Implementations
Identity
To test whether a specification ixs,iy
is the identity, it is checked whether ixs
is made up of one tuple of index-labels that is equal to iy
and that all index-labels in iy
are unique - the latter to distuingish identity from e.g. projection to the diagonal like ein"ii -> ii"
.
The identity operation simply returns the first (and only) tensor argument to einsum
.
Matrix Multiplication
A specification ixs,iy
is a matrix multiplication if ixs
consists of two 2-tuples that share one index-label and iy
is a permutation of the two-nonshared index-labels of the ixs
.
Matrix multiplication uses a generated function to return a matrix-product with at most one application of transpose
, such that e.g. ein"ij,jk -> ik"(a,b)
returns :(a * b)
and ein"ij,kj -> ki"(a,b)
returns :(b * transpose(a))
.
Index-Permutation
A specification ixs,iy
is an index-permutation if ixs
is a tuple containing one tuple of index-labels that are all unique and are a permutation of the labels in iy
.
Index-permutation is implemented with permutedims
and a permutation that's calculated at runtime.
Hadamard
A specification ixs, iy
is a hadamard-product if ixs
is a tuple that contains copies of iy
and nothing else and iy
contains no duplicates.
The hadamard-product is implemented by broadcasting *
over the tensors.
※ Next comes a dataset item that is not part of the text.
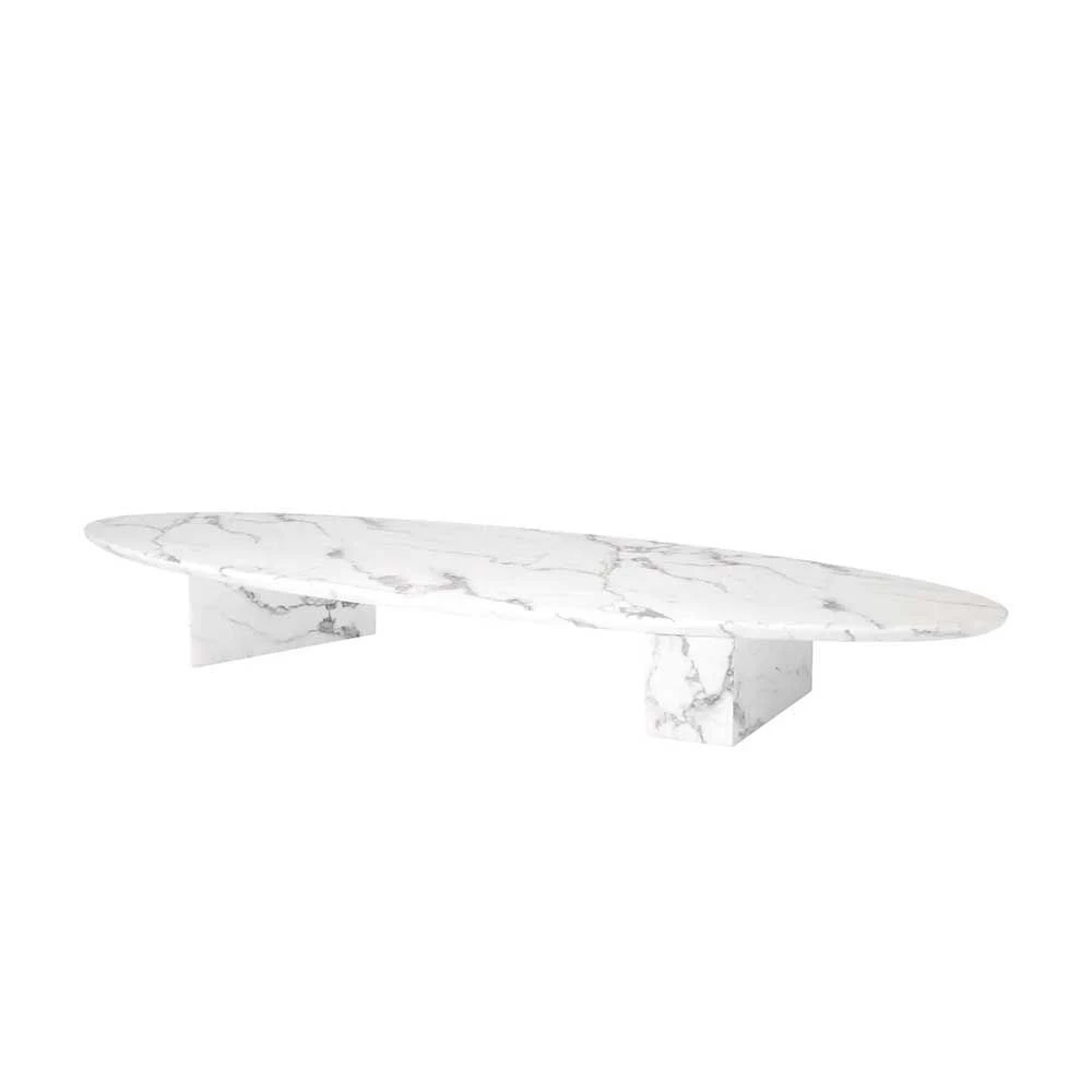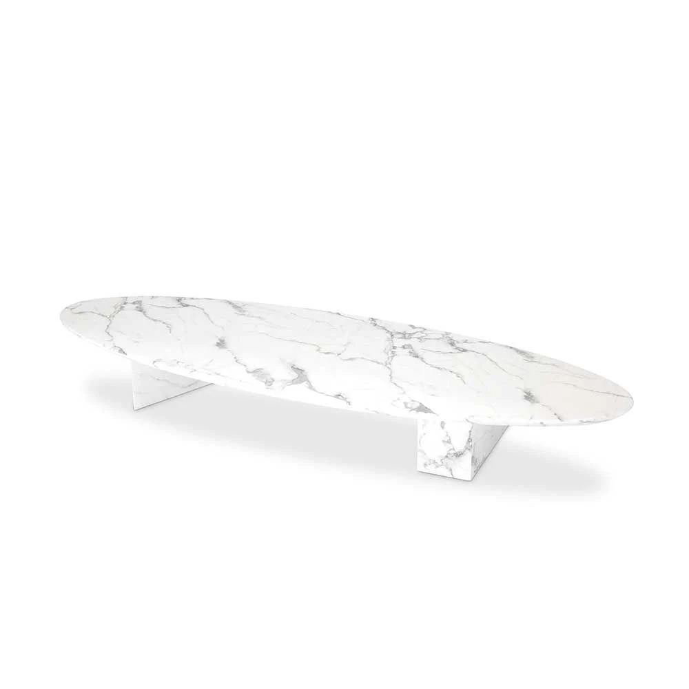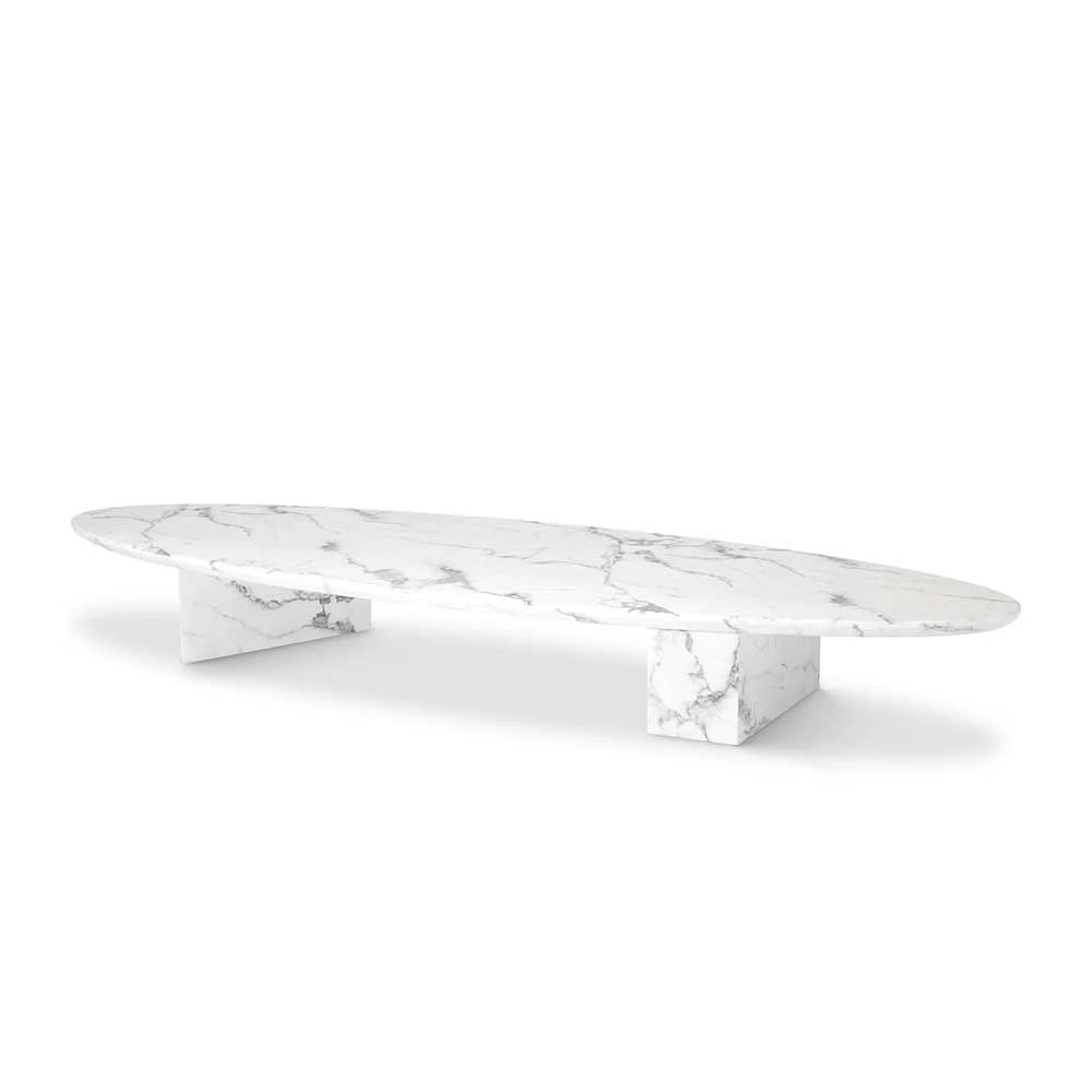 Give a glamorous touch to your living room décor with Aurore Coffee Table by Eichholtz. Made of white faux marble, this chic coffee table will fit with any style and colour scheme. Its elegant oval table top rests on two sturdy triangular-shaped blocks.

If some of the index-labels in ixs
are permutations of iy
, we found that doing the permutation and then broadcasting *
had worse performance than the fallback implementation below - we are thus rather strict about what is a hadamard-product.
Trace
A specification ixs, iy
is a trace if iy
is empty and ixs
contains one 2-tuple containing the same index-label twice.
A trace dispatches to the LinearAlgebra.tr
although the result is wrapped in a 0-dimensional array for type stability since all einsum
return AbstractArray
s.
Partial Trace
A specification ixs, iy
is a partial trace if iy
contains no duplicates and ixs
is a tuple containing one tuple of index-labels that contains all index-labels in iy
plus pairs of labels not in iy
in arbitrary order.
Partial traces are implemented using TensorOperations.jl
for regular AbstractArray
s and with the Fallback-option (see below) for CuArray
s, since at this point TensorOperations.jl
lacks full GPU support.
Sum
A specification ixs,iy
is a sum or a reduction over indices if all indices in iy
are unique and contained in the only tuple in ixs
that additionally contains unique labels (that are reduced over).
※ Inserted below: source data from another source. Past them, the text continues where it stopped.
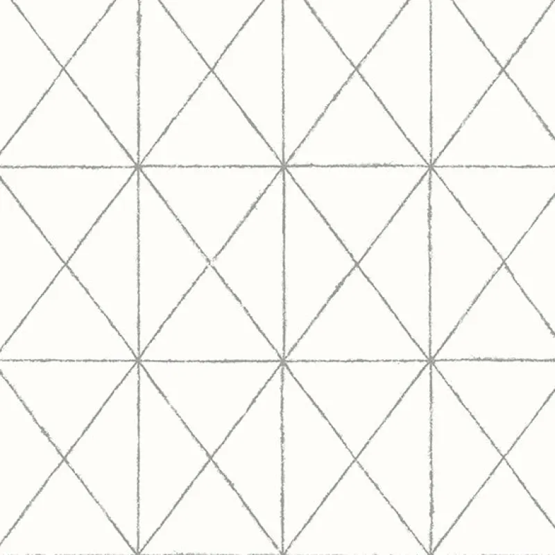 Shimmery silver triangles create larger rectangles in this geometric, simple white wallpaper.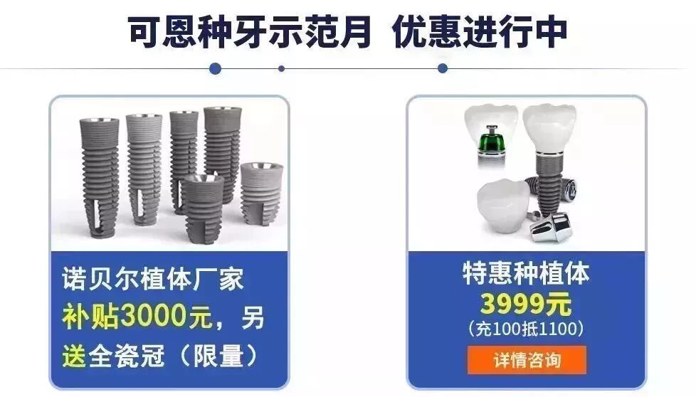 牙美遮百丑,缺牙毁所有 眼睛小,皮肤差 美颜相机可以帮你 可是缺一颗牙 估计什么美颜黑科技也拯救不了 万一缺了门牙更是糟糕 都不敢出门了 缺牙不仅影响颜值,还会造成 吃饭咀嚼无力,增加肠胃负担;邻牙倾斜,对牙伸长;牙周病、龋齿问题多发;给中老年人带来一些身体疾病。 长时间不修复,会导致邻近两颗牙齿往中间挤,变得倾斜,缺牙位置失去支撑会导致对牙伸长,进而造成牙齿松动、牙龈萎缩。 种植牙是解决缺牙问题的较好方法,先进的设备、高品质的种植材料和技术精湛的种植专家,才能让种植牙的安全性更高、种植效果更有保障。 3月16-3月17日 潍坊可恩种植牙品质见证日 寻找缺牙的你! 活动时间 2019年3月16日-3月17日 活动地点 ①诺贝尔植体厂家补贴3000元,另送全瓷冠(限量) ②特惠进口种植体3999元 此活动不与其他优惠活动同时享用 长按二维码 报名参加 长按二维码预约 长按二维码 评估种植费用 其他牙齿问题,点击“阅读原文” 申请初诊9折特惠! 地址: 潍坊市奎文区胜利东街4759号(新华书店东临)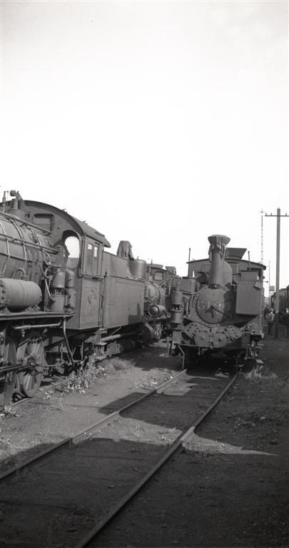 BeschrijvingOp deze foto zien we enkele terzijdegestelde stoomlocomotieven (locomotief type 81 en type 71 beiden D Eight Coupler). De schoorstenen zijn afgedekt om de locomotieven te vrijwaren van waterinsijpeling.

Index-reductions are implemented using Base.sum
and Base.dropdims
- the latter to remove the singleton-dimensions left over after summing over a dimension.
Tensor-Contractions (PairWise)
A specification ixs,iy
corresponds to tensor-contractions if all all labels in iy
are unique and all indices appear exactly twice in ixs
and iy
.
Such operations can be dispatched to TensorOperations.jl
and are evaluated using the @tensoropt
macro which chooses a suitable contraction order for the problem for all AbstractArray
except CuArray
s which are implemented using the Fallback.
Fallback
The fallback is called for any specification that does not satisfy the criteria outlined above.
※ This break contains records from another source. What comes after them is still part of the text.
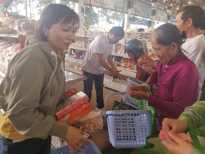 Tại đây, trên 800 gia đình chính sách, hộ nghèo, người lao động có hoàn cảnh khó khăn được phát phiếu mua hàng 0 đồng trị 1,2 triệu đồng với trên 15 sản phẩm thiết yếu gồm: gạo, dầu ăn, bánh mứt tết, sữa và gối, nệm… Số nhu yếu phẩm này do các mạnh thường quân tài trợ. Nhiều người dân nghèo, người lao động đều phấn khởi khi nhận phần quà ý nghĩa trong dịp tết đến, xuân về.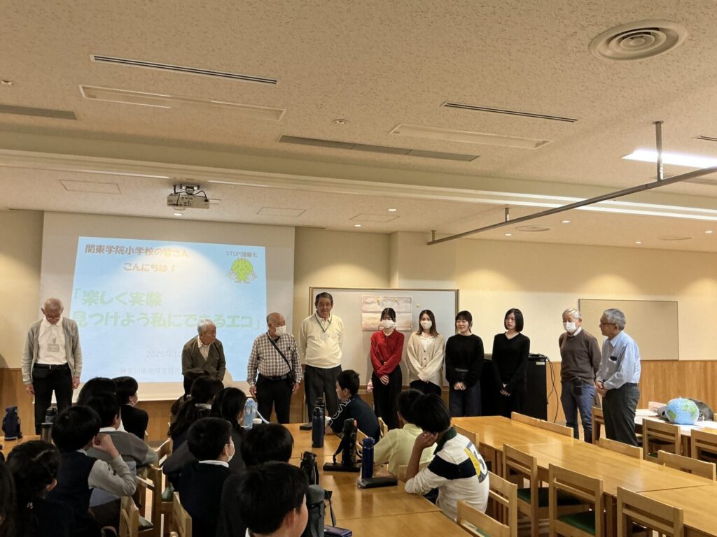 講師に来てくださったのは「アース・エコ」のみなさんと関東学院大学教授の佐野慶一郎先生、それに佐野ゼミの学生さんです。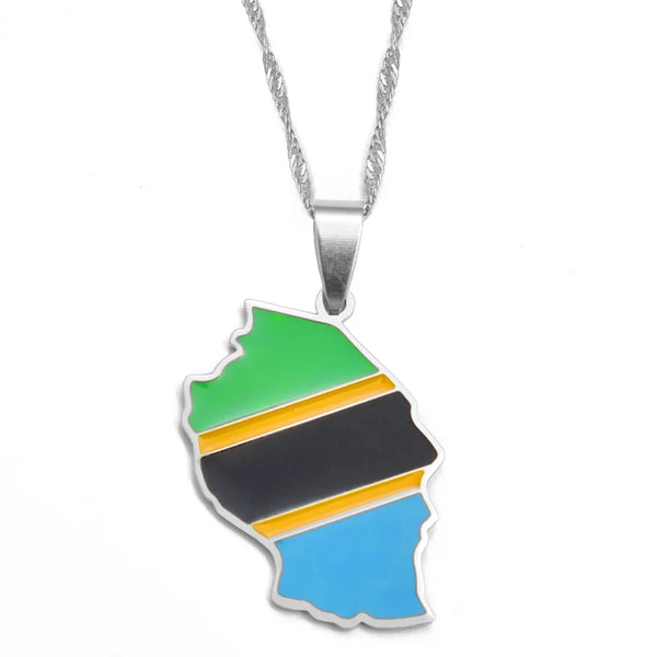 Anniyo Tanzania Map Flag Charm Pendant Necklaces Tanzanian Jewelry for Women Girls Men #269921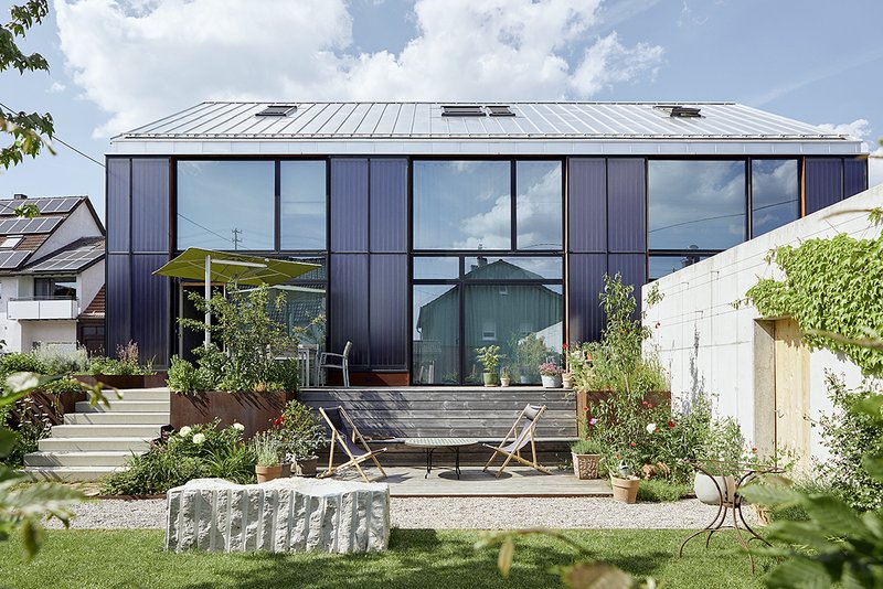 Im Außenbereich wurde das Bestandsgebäude durch einen freistehenden Anbau für Carport und Lagerraum ergänzt. Die Bodenplatte des einstigen Anbaus für Umkleiden und Duschen – einst später an den Bestand angefügt und jetzt entfernt – dient als Untergrund für ein Holzdeck, das über die gesamte Gebäudelänge führt. Der Zugang zum Gebäude und das Erdgeschoss sind barrierefrei gestaltet.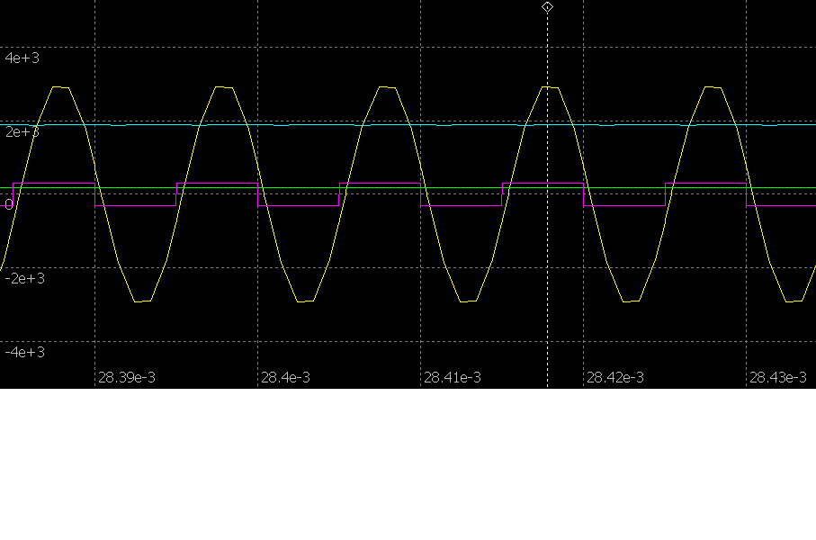 Фази совпадають (жовтий колір - струм у мості, розовий - комутуча напруга моста) - тобто резонанс.

The dispatch calls loop_einsum
which is defined in loop_einsum.jl
.
loop_einsum
is based on the EinArray
-struct. An EinArray
is a subtype of AbstractArray
that represents an intermediate step in a general einsum-expression before reductions remove indices. Consider a specification ixs,iy
- the EinArray
for that specification is the array with an index for each (distinct) label in ixs
and iy
. As an example, in ein"ij,ik,il -> jkl"(a,b,c)
, the distinct labels are (i,j,k,l)
and the corresponding EinArray
einarr
would be a rank-4 tensor with an index each for each distinct label.
If an entry of einarr
is requested, e.g. einarr[i₁,j₁,k₁,l₁]
, it's values is lazily constructed as einarr[i₁,j₁,k₁,l₁] = a[i₁,j₁]*a[i₁,k₁]*a[i₁,l₁]
upon access - the lazy evaluation avoids constructing the whole array.
To get to the final result, we reduce over the dimensions that are missing in the output. By first allocating an array of the correct size, we can fill it up with the entries of the EinArray
which are calculated on the fly, avoiding the allocation of the intermediate result.
Thus effectively we split an operation like ein"ij,ik,il -> jkl"(a,b,c)
into two piece: einarr = ein"ij,ik,il -> ijkl"(a,b,c)
and ein"ijkl -> jkl"(einarr)
but treat the first operation as a lazy one - this way we can use mapreduce(identity, +)
over the dimensions we want to remove which is implemented efficiently for both regular Array
s and CuArray
s.